NO! Don't just "pop in" - he needs someone in the house at night even if it can't be managed during the day. Let your DH stay with him.

He will be terrified if he's left for hours with just a couple of 10 minute toilet breaks a day.

I feel for the OP - but I feel even more for this poor little unloved dog.

OP your MIL is a cowbag! You have chosen not to have a pet - she should respect that choice and not foist her untrained animal onto you.

If this ever happens again, then stand firm and force her to cancel her holiday if necessary. She's a CF!

And excellent, detailed training advice from trashcan.

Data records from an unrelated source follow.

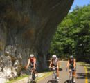 Einmal führte der Weg unsere drei unentwegten Pedaleure über Arco und Dro nach Sarche, durchs atemberaubende Sarca-Tal nach Ponte Arche und weiter über Fiave und dem Passo Balino. Steile Felslandschaften kontrastieren auf dieser Strecke mit grünen Bergwiesen und dichten Wäldern. Von dort aus weiter zum atemberaubend türkisblauen Tennosee über Tenno und Riva zurück nach Torbole. Rennradidylle am Lago di Garda.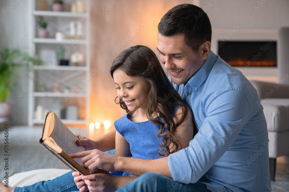 Horizontal shot of smiling young father that reading book story fair tail with his cute little preteen teenage daughter girl sitting on the floor carpet at home. Helping with home task
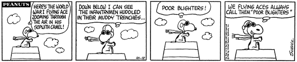 WW1 Flying Ace part 46; The Ace pretends to fly around and when he notices the other patients below he calls them blighters (thinking they are infantrymen).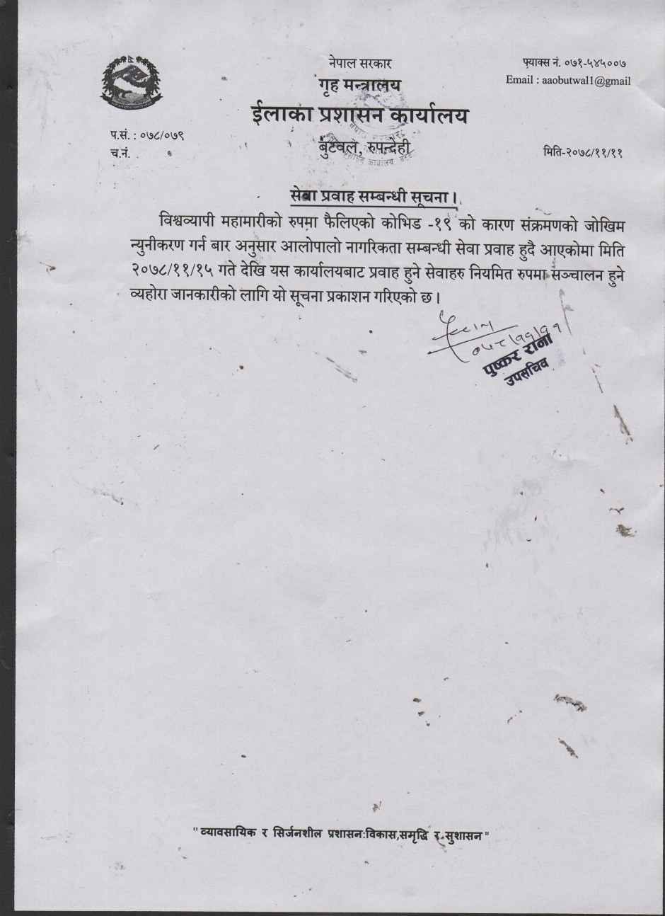 © सर्वाधिकार सुरक्षित ईलाका प्रशासन कार्यालय, बुटवल, रुपन्देही

PsychosonicCindy · 24/12/2019 11:52

I used to work in a kennels and at Christmas they are full I doubt you'd get him in also you'd need his vet records to make sure he'd had his vaccinations also if you won't pay and she won't that's not fair we used to get people refusing to pay all the time and what we supposed to do hold the dog for ransom?

PlanDeRaccordement · 24/12/2019 11:54

You should have her pay for the damages. She’s taking advantage of you and your DH. I’d be taking the dog to a kennel today and she can pay the bill to pick him up.

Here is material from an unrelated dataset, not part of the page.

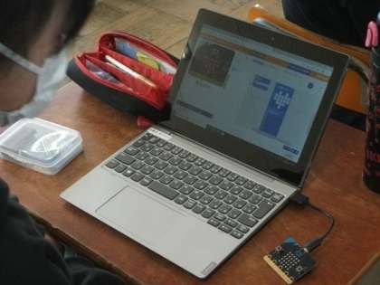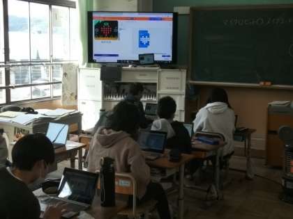 6年生は,総合的な学習の時間で「情報」をテーマにプログラムの仕組みについて学習をしています。先日は「二進法」を使って「表示」する仕組みについて学習をしました。今日は,GIGAタブレットを使ってマイクロビットのプログラミングに挑戦しています。基本的なことを学んだあと,それぞれのアイデアでプログラムを工夫していきます。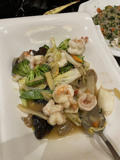 Una noche de fin de semana, nos detuvimos y éramos los únicos clientes visibles. El personal atento tomó nuestro pedido y nuestro pollo con sésamo y miel, arroz frito con verduras y camarones con verduras llegaron sin demora. La comida estaba bien, el pollo estaba bien sazonado pero seco y los camarones con ajo tenían muy poco sabor a ajo. Esperaba más con los precios de estos platos principales, 16 y 28 respectivamente. El salteado de verduras estaba excelente. Cuando solicitamos el descuento de Jubilado en nuestra cuenta, este fue el primer restaurante (en 3 meses) que se negó incluso con nuestras identificaciones temporales de Jubilado. Interesante, sin duda, y seguiré...

Hawkmoth · 24/12/2019 11:57

If you're in NE Scotland I have a crate you can borrow.

We moved recently and one of ours completely regressed wrt toileting. We took her out every half hour during the day and then ended up staying out with her in the freezing cold (which she doesn't mind) until she did her first outdoor poo.

Also try a very long walk last thing at night to bore it to sleep in the hope that destruction will be less likely.

And one of you should become allergic during this holiday so you dont end up with both dogs in future.

Queenie8 · 24/12/2019 11:58

@little we used lavender oil for our dog. Completely safe.

DarlingNikita · 24/12/2019 12:07

Poor dog. Your MIL is massively irresponsible and I'd be reporting to the RSPCA and giving her an earful too.

Is it possible to crate-train a dog quickly? If so then that might be the solution, along with toilet-training him.

TheLittleBrownFox · 24/12/2019 12:08

@Queenie8 yep - whereas tea tree and others is toxic as hell to them x

TobyTanker · 24/12/2019 12:17

Put him back in your MIL's house and call her and tell her to get her arse back from her jolly.

OliviaBenson · 24/12/2019 12:23

Your MIL has done the wrong thing but you do have to take some responsibility here too. Why was the dog left to roam the house? You knew what he was like. You can also train a dog to be housetrained too.

The dog is clearly distressed and unhappy, you need to manage that as best you can and then have a serious conversation with your MIL when she's back.

And don't just dump the dog back home. It's cruel.

Merryoldgoat · 24/12/2019 12:25

Gosh OP - I’d be so angry. I’d have called her myself by now and let rip. Stupid cow.

fridgegrazer · 24/12/2019 12:30

She is also getting a new (much bigger breed) dog in the new year so I really feel for that dog too.

In that case you need to make it VERY clear to her that you will not be looking after either dog ever again so she should bear this in mind before booking holidays.